#### DATA SHOWN:
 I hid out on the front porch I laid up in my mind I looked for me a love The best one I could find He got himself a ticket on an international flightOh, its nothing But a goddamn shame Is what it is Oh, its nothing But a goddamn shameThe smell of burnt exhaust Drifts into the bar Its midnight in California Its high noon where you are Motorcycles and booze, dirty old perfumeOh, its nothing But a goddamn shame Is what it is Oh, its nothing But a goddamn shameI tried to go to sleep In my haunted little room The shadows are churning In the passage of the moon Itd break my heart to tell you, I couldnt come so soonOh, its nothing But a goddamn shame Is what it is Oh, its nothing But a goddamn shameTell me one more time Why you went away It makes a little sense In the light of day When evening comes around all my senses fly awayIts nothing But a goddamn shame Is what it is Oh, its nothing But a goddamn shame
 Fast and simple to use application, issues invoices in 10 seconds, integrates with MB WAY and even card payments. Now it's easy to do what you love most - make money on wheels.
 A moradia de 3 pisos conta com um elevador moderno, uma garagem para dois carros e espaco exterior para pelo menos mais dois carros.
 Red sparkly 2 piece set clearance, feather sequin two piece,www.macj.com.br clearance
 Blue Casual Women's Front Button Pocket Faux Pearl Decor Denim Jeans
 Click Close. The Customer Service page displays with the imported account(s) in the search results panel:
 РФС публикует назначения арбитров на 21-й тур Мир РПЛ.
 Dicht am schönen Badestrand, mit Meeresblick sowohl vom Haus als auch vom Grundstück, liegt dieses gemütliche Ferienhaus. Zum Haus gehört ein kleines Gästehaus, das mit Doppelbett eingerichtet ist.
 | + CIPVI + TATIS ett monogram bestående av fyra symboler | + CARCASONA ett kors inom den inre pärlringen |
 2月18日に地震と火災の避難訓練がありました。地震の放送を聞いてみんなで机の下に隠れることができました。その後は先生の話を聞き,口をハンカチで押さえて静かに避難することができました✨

#### EXERCISE AIM:
Repeat the entries verbatim through the line with "inre pärlringen |".

#### EXPECTED ANSWER:
 I hid out on the front porch I laid up in my mind I looked for me a love The best one I could find He got himself a ticket on an international flightOh, its nothing But a goddamn shame Is what it is Oh, its nothing But a goddamn shameThe smell of burnt exhaust Drifts into the bar Its midnight in California Its high noon where you are Motorcycles and booze, dirty old perfumeOh, its nothing But a goddamn shame Is what it is Oh, its nothing But a goddamn shameI tried to go to sleep In my haunted little room The shadows are churning In the passage of the moon Itd break my heart to tell you, I couldnt come so soonOh, its nothing But a goddamn shame Is what it is Oh, its nothing But a goddamn shameTell me one more time Why you went away It makes a little sense In the light of day When evening comes around all my senses fly awayIts nothing But a goddamn shame Is what it is Oh, its nothing But a goddamn shame
 Fast and simple to use application, issues invoices in 10 seconds, integrates with MB WAY and even card payments. Now it's easy to do what you love most - make money on wheels.
 A moradia de 3 pisos conta com um elevador moderno, uma garagem para dois carros e espaco exterior para pelo menos mais dois carros.
 Red sparkly 2 piece set clearance, feather sequin two piece,www.macj.com.br clearance
 Blue Casual Women's Front Button Pocket Faux Pearl Decor Denim Jeans
 Click Close. The Customer Service page displays with the imported account(s) in the search results panel:
 РФС публикует назначения арбитров на 21-й тур Мир РПЛ.
 Dicht am schönen Badestrand, mit Meeresblick sowohl vom Haus als auch vom Grundstück, liegt dieses gemütliche Ferienhaus. Zum Haus gehört ein kleines Gästehaus, das mit Doppelbett eingerichtet ist.
 | + CIPVI + TATIS ett monogram bestående av fyra symboler | + CARCASONA ett kors inom den inre pärlringen |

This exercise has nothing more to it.